Leaders from the largest corn, soybean, wheat, beef and pork producer groups joined USDA administrators to praise the TPP Nov. 11, at the National Assoc. of Farm Broadcasting annual convention in Kansas City. "We all want the same thing: more American agricultural products on dinner tables around the world," said Chip Bowling, president, National Corn Growers Assoc.

Grain farmers see potential for increased exports in the TPP, which would reduce tariffs on U.S. grains in Malaysia and Vietnam. U.S. Grains Council President Phil Karsting called Vietnam "the fastest-growing feed grain market in the world," citing growing middle class consumer demand for meat and eggs from animals fed U.S. grain.

Pork and beef groups are also eying South Asia markets, citing the TPP’s framework for reducing protectionist trade barriers in Japan. U.S. pork stands to gain market share in Japan, under TPP language, according to National Pork Producers Council analysis.

Wade Cowan, American Soybean Assoc. president, said the TPP will face a challenge in Congress, where members of both parties have expressed opposition or skepticism about the deal.

"We’ve seen climates like this before, complete with political polarization and the added stress of an election year, but even in those times we’ve still managed to put together a coalition of industries and congressional allies to move beneficial packages through," he said.

The TPP is supported by the largest farm and commodity groups, including the American Farm Bureau Federation. But some agricultural and rural interests, like the National Farmers Union, have spoken against the deal.

All three Democratic presidential candidates also oppose TPP, citing fears over American job loss. Bernie Sanders has issued sharper criticism of the deal than Hillary Clinton, who in October said she opposed the deal. They and other Democrats have distanced themselves from President Barack Obama’s push for TPP, citing fears of potential U.S. job losses, in some sectors.

"I disagree with their conclusion," said Commerce Secretary Penny Pritzker last Thursday. "Our companies need to have access to those markets to remain globally competitive."

The Department of Commerce released state-by-state estimates of the economic benefits of TPP. Indiana, for example, exported $20.2 billion in products to potential TPP partners in 2014 – 57 percent of the state’s exports. About one-quarter of that are agricultural exports, according to the USDA.

U.S. Trade Ambassador Michael Froman indicated the executive branch will continue its push for TPP as Congress considers the 30-chapter deal, more than 2,000 pages long. "We’re doing everything in our domain to move the process forward," said Froman. "The President made clear he’d like to get this done as early as possible."

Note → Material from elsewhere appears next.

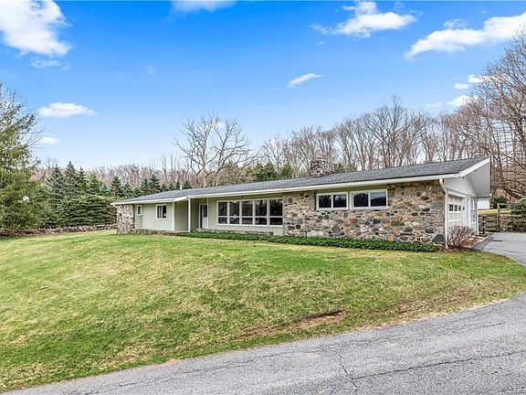 Amazing views and opportunity with this mid-century Ranch style home. Located on one of Katonah's most desirable roads, this custom built home by the original owners takes full advantage of its surroundings. A winding drive with beautiful stone work leads you to the home with a fully fenced level yard and in-ground Wagner built Gunite pool. Mature plantings assure privacy and a feeling of being at your own private resort. The home itself offers a large living room with stone fireplace and a wall of windows to take in the gorgeous views. There is also a large dining room, eat-in kitchen, laundry and powder room. Down the hall is the master with full bath and the 3 additional family bedrooms and full hall bath. Very large basement offers additional possibilities to create a rec room, gym or home office. The setting, location and property are perfect! Come and make it your own.

Farm equipment and other machinery manufacturers are an ag-related industry that could benefit from the deal, according to Froman. "These are countries that buy a lot of machinery," he said. "If we can tear down those tariffs, we can keep production here," instead of seeing jobs move to manufacturers in Asia, he said.

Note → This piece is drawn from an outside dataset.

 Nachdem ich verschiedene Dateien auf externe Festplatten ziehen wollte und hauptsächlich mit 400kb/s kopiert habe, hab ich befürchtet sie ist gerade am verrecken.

The TPP would reduce trade barriers in 12 economies bordering the Pacific Ocean: Australia, Brunei, Canada, Chile, Japan, Malaysia, Mexico, New Zealand, Peru, Singapore, the United States and Vietnam. The agreement also includes language requiring partners to adhere to certain labor and environmental requirements, as well as guidelines that could help more easily reconcile trade disagreements around biotechnology and plant and animal disease concerns.